Reputation: 9114

How to divide a fixed point number by a small float number?

I need to divide a set of 5U11 numbers by 6.02 and would prefer to do this without casting to float and back.

5U11 means a 16-bit unsigned number, with the 11 least significant bits representing fractional part.

How should I represent 6.02 and what would be the upper bond of the error of a single calculation?

Upvotes: 3

Answers (2)

al45tair

Reputation: 4433

The most straightforward approach to this problem is to calculate the inverse of 6.02 as a 16 bit quantity; i.e. compute round(2^16 / 6.02) = 0x2a86. Note that the top bit is not set, so we can choose a higher dividend and recompute for better accuracy; in this case, round(2^18 / 6.02) = 0xaa1a.

Now, take your 5U11 number and do a 16x16 to 32-bit widening multiply, then shift right by (in this case) 18 bits to get your result, as a 5U11 value.

For example:

14.3562 * (2^18 / 6.02) = 625148.122 / 2^18 = 2.384
0x72d9  * 0xaa1a        = 0x4c4fc40a >> 18  = 0x1313

You do lose a little accuracy doing things this way, and it’s possible to improve slightly on this naïve method (see the book Hacker’s Delight by Henry S. Warren for quite a bit more on this topic and other useful things).

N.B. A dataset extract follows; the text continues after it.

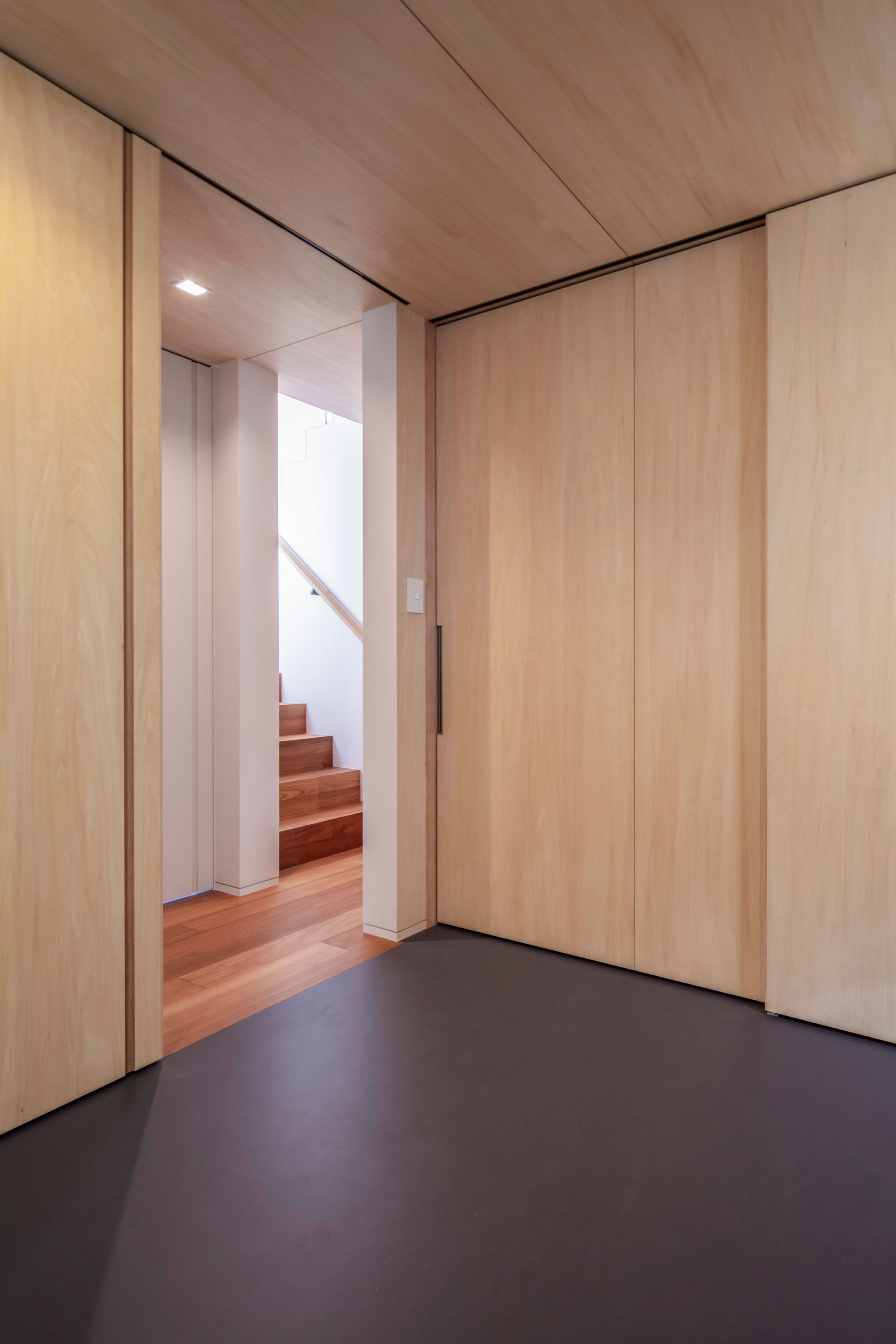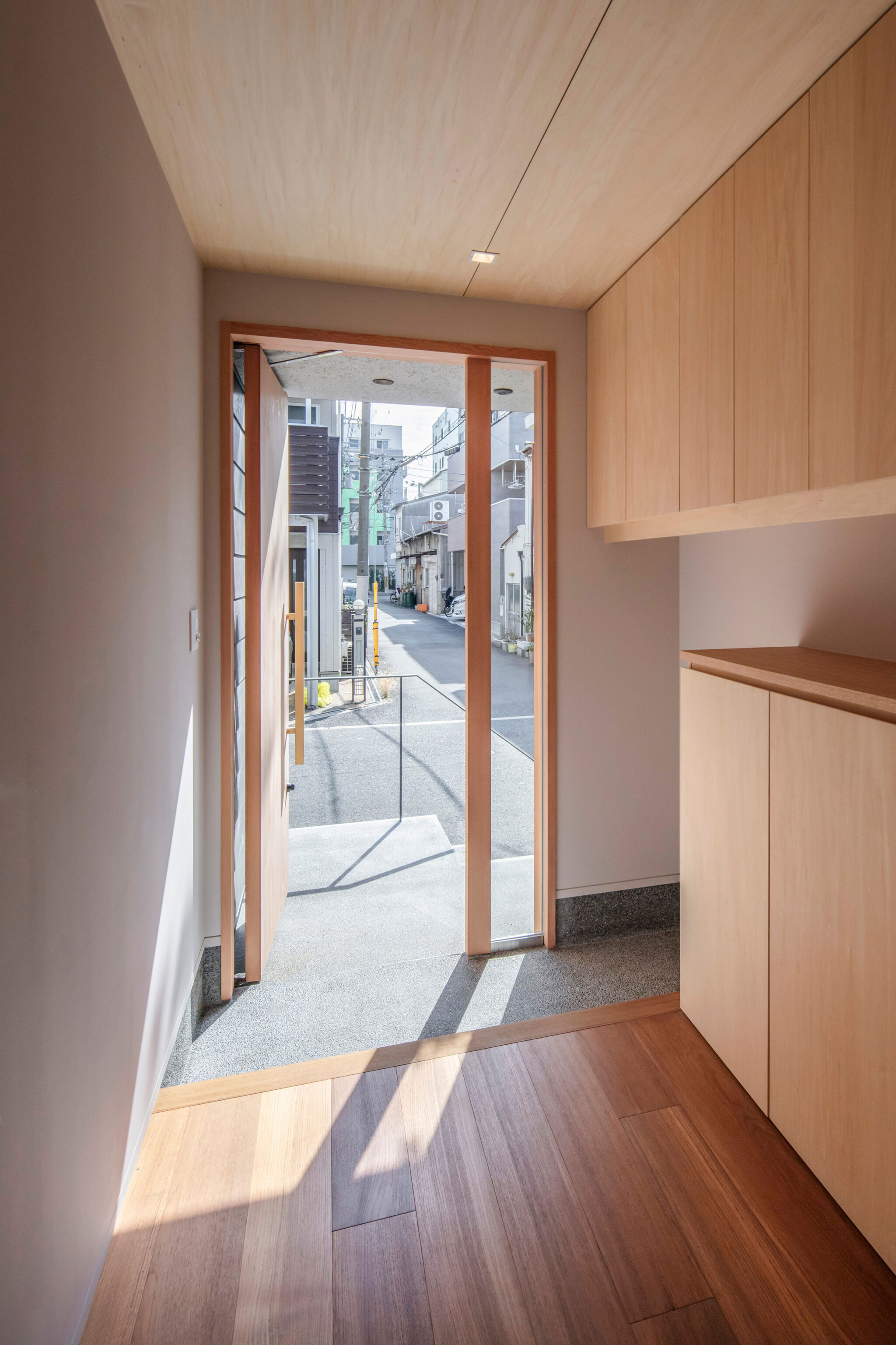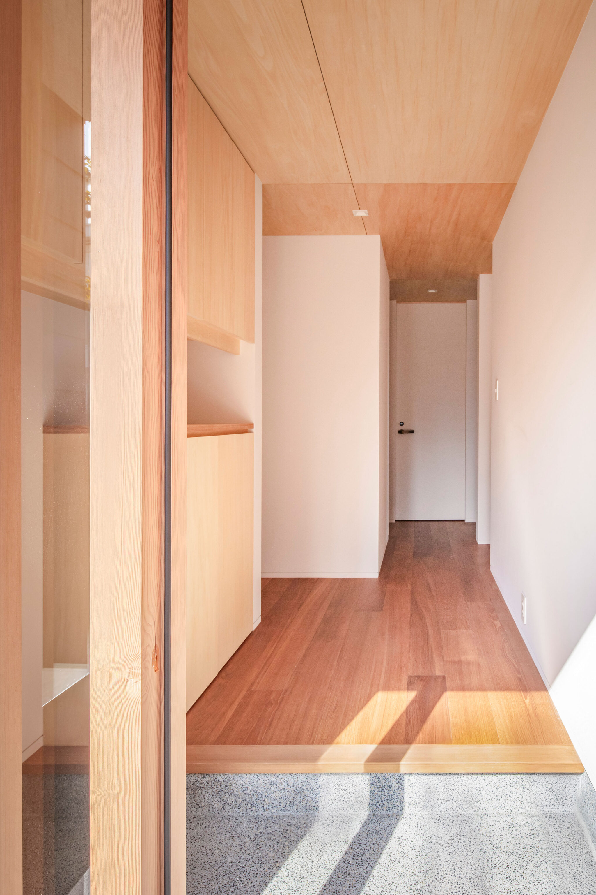 小林敬政による、大阪市の「K邸」。施主家族が40年以上暮らした住まいの建替。既存を建物を超えた“記憶の器”と捉え、刷新ではなく“継承”する設計を志向。旧家屋の間取りを参照して“再構築”した平面構成で“空間体験”を通して記憶を喚起する 1階、ホールから玄関を見る。 photo©多田ユウコ写真事務所

Plainly if you have a machine that is capable of doing wider multiplications, you can increase the size of the dividend further than 2^18, which will increase your accuracy.

Updates

Rounding

If you want to round to nearest, you should add d / 2 where d is your dividend (so in the example above, the dividend is 2^18, hence the rounding value is 2^17 or 0x20000.

Error analysis

Given the small domain, it’s simplest to do an exhaustive search to establish the maximum error. With the example above and using round-to-nearest by adding 0x20000, the maximum error turns out to be at x = 0xfa19:

0xfa19 * 0xaa1a + 0x20000 = 0xa62e008a >> 18 = 0x298c

The actual answer should be

31.2622 / 6.02 = 5.193058

while the answer we have is

0x298c * 2^-11 = 5.193359

The error in this instance is 0.000302, or 0.62 of an LSB.

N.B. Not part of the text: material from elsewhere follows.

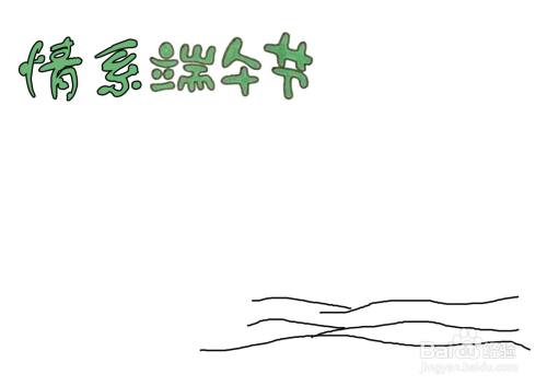 首先用彩色画笔写出情系端午节这个大标题,在标题的下方偏右的位置画上翻滚的波浪,这是第一步的绘制
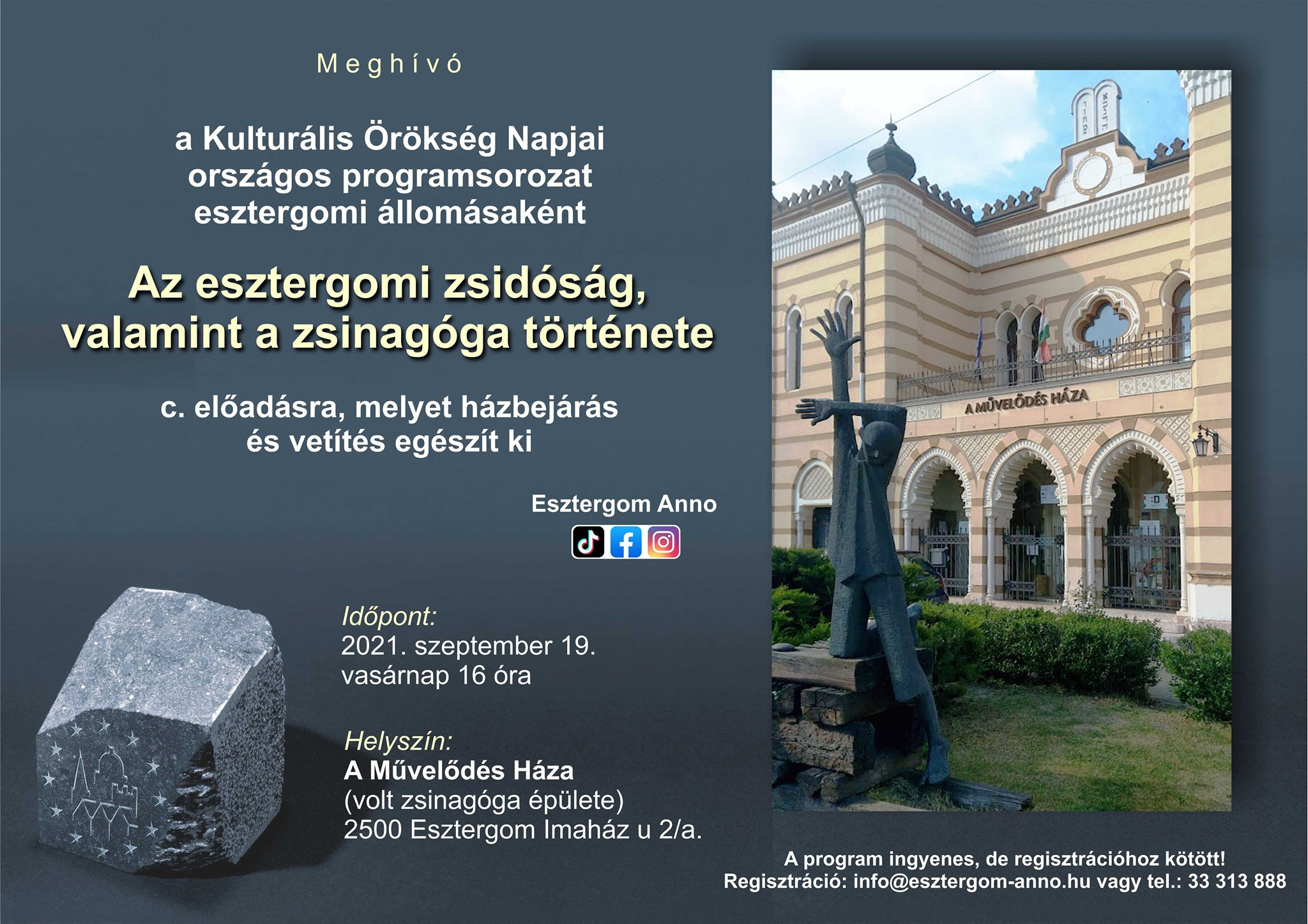 Az országos program-és rendezvénysorozat esztergomi állomásaként, a volt zsinagóga épülete (ma: "A Művelődés Háza")adott helyet a az esztergomi zsidóság és zsinagóga történetének bemutatására, melyet Sárosi Attila az Esztergom Anno tulajdonos-szerkesztője tartott.

Improving on these results

It’s possible to choose a more specific rounding constant to minimise the error bound; essentially this lets us compensate for the fact that our multiplicative inverse (here 0xaa1a) is not precise. In this particular instance, the best value seems to be around 0x1c200, which yields an error bound of 0.56 of an LSB.

Upvotes: 2

chux

Reputation: 153457

A simple scaling by 100 will suffice.

uns16_t x_5U11;
uns32_t acc;
acc = x_5U11;
acc *= 100;
acc += 301; // for round to nearest rather than truncation.
acc /= 602;

Error bound: 1/2 LSbit in x_5U11.

If speed is most important, than performing a multiple and divide (by shifting) as suggested by @alastai is the way to go. With proper rounding, the answer should be within +/- 1 LSBit.

If accuracy is most important than this method provides +/- 1/2 LSbit (best possible answer).

[Edit] Thanks to @Ingo Leonhardt for pointing out I had an inverted solution.